■ Exercise goal:
Reproduce the listing below in full and exactly; no pictures belong in the copy.

■ Collected data:

────────────────

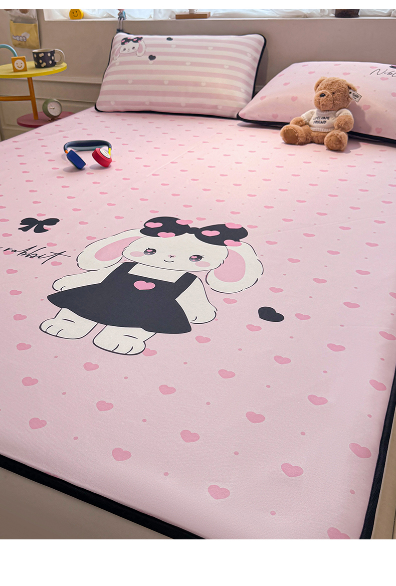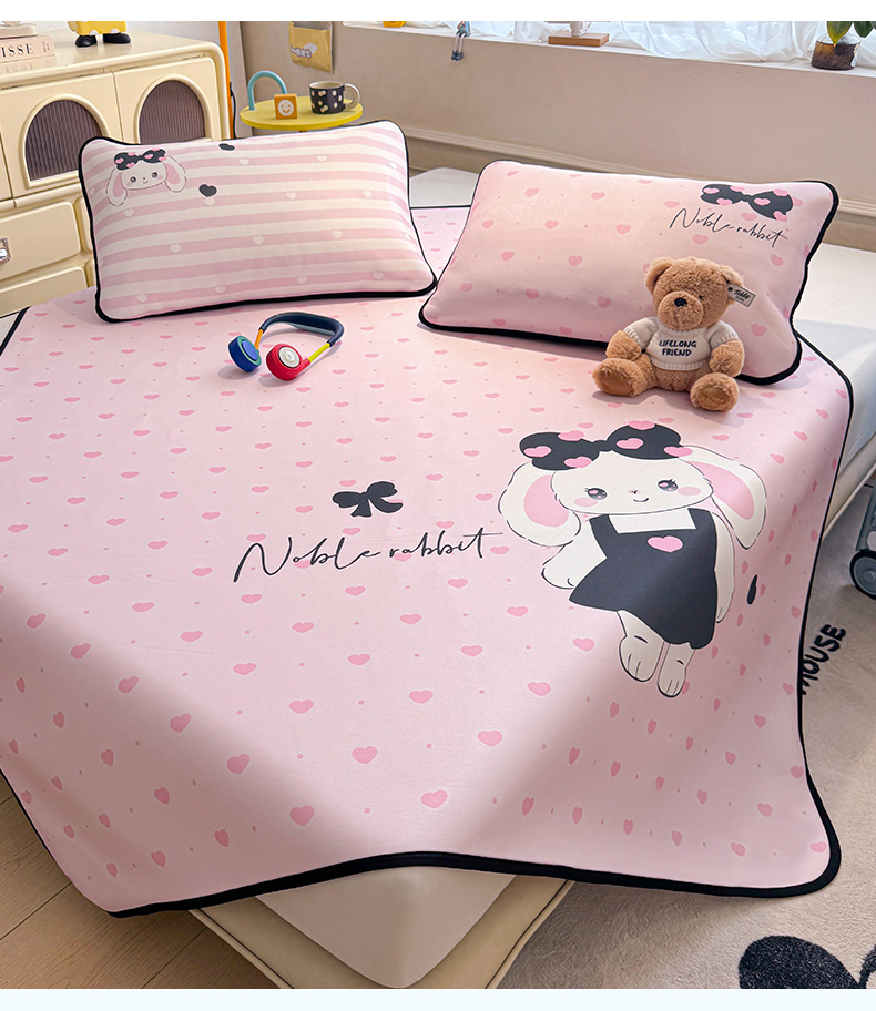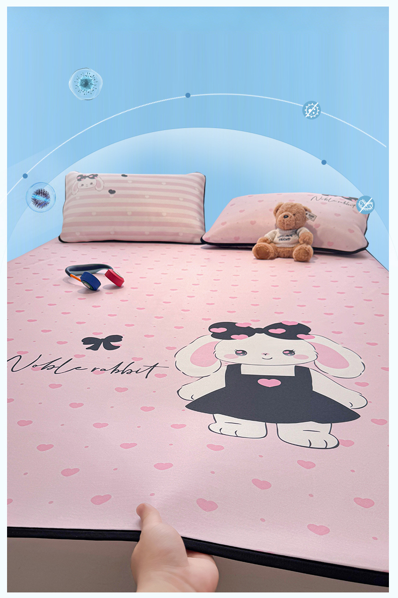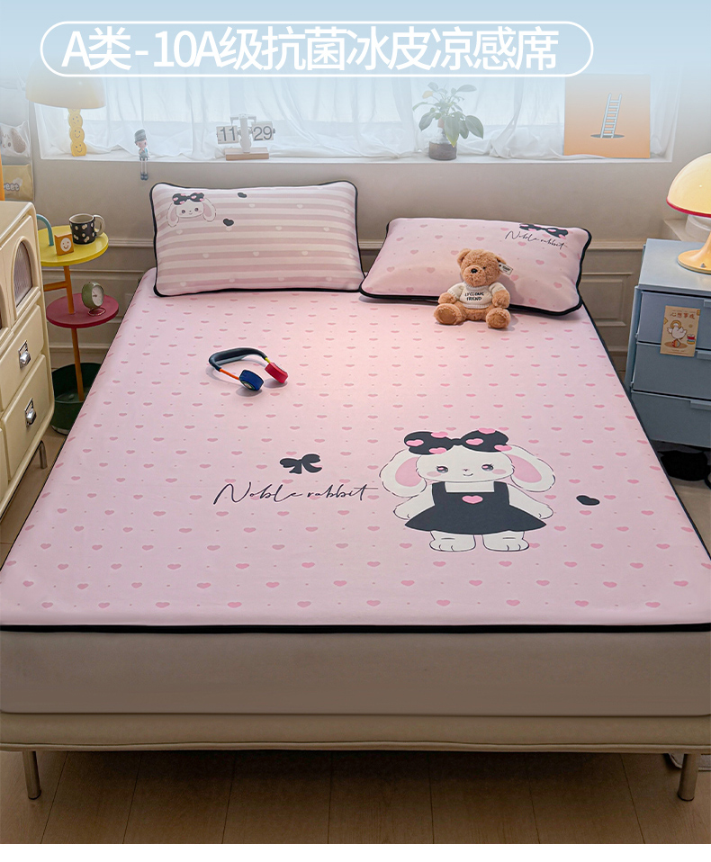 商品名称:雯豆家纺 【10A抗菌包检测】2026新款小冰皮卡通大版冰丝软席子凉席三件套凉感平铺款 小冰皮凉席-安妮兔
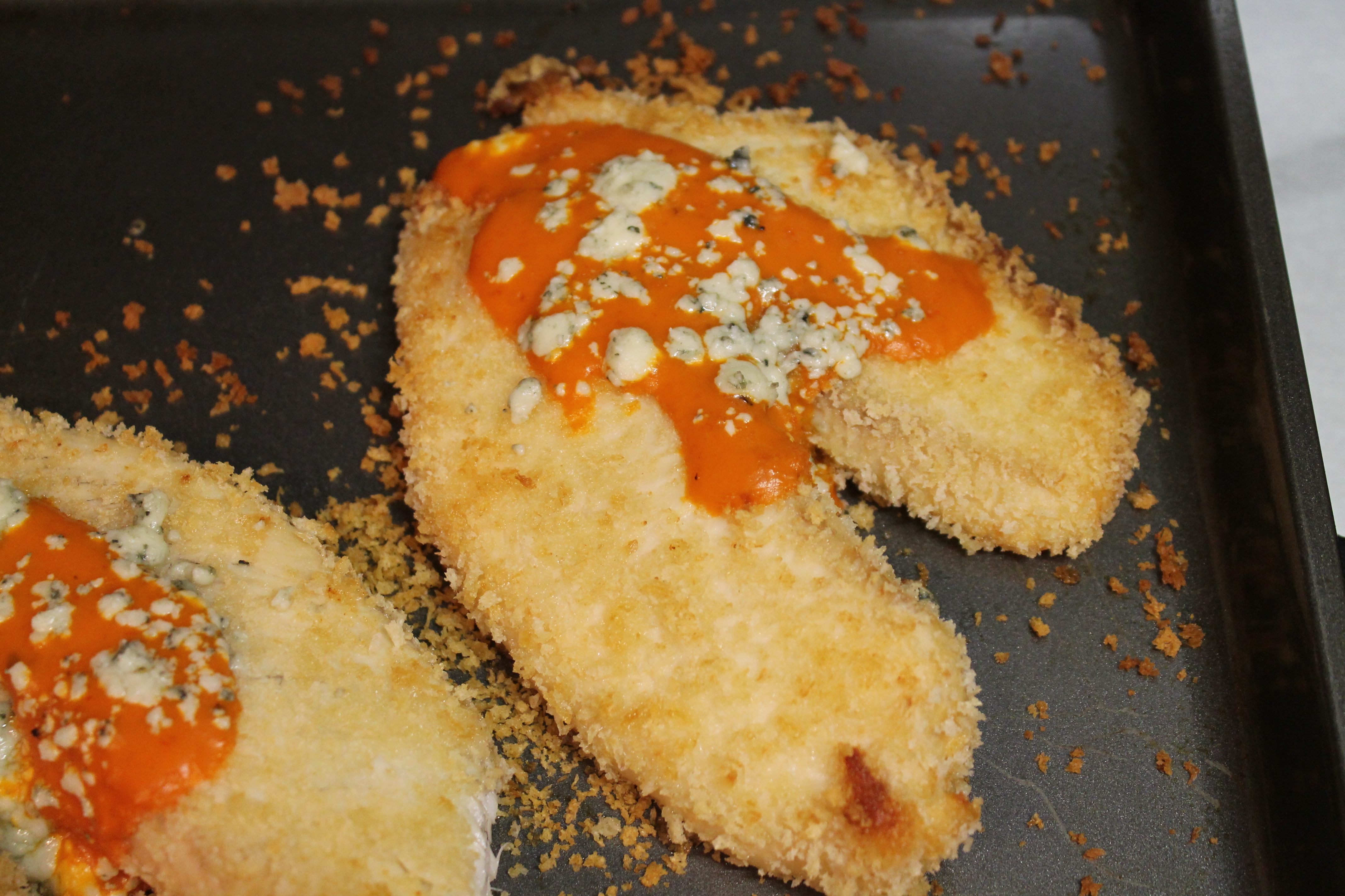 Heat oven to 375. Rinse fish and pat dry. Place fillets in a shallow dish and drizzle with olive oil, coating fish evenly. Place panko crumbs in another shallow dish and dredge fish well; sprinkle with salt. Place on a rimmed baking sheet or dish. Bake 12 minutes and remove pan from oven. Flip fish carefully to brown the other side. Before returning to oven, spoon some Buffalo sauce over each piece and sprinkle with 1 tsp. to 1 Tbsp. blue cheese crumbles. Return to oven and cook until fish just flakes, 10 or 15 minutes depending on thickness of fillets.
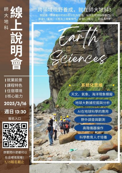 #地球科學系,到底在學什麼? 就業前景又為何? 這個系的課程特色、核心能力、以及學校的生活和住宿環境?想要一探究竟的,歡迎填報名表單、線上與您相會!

────────────────

■ Completed exercise:
 商品名称:雯豆家纺 【10A抗菌包检测】2026新款小冰皮卡通大版冰丝软席子凉席三件套凉感平铺款 小冰皮凉席-安妮兔
 Heat oven to 375. Rinse fish and pat dry. Place fillets in a shallow dish and drizzle with olive oil, coating fish evenly. Place panko crumbs in another shallow dish and dredge fish well; sprinkle with salt. Place on a rimmed baking sheet or dish. Bake 12 minutes and remove pan from oven. Flip fish carefully to brown the other side. Before returning to oven, spoon some Buffalo sauce over each piece and sprinkle with 1 tsp. to 1 Tbsp. blue cheese crumbles. Return to oven and cook until fish just flakes, 10 or 15 minutes depending on thickness of fillets.
 #地球科學系,到底在學什麼? 就業前景又為何? 這個系的課程特色、核心能力、以及學校的生活和住宿環境?想要一探究竟的,歡迎填報名表單、線上與您相會!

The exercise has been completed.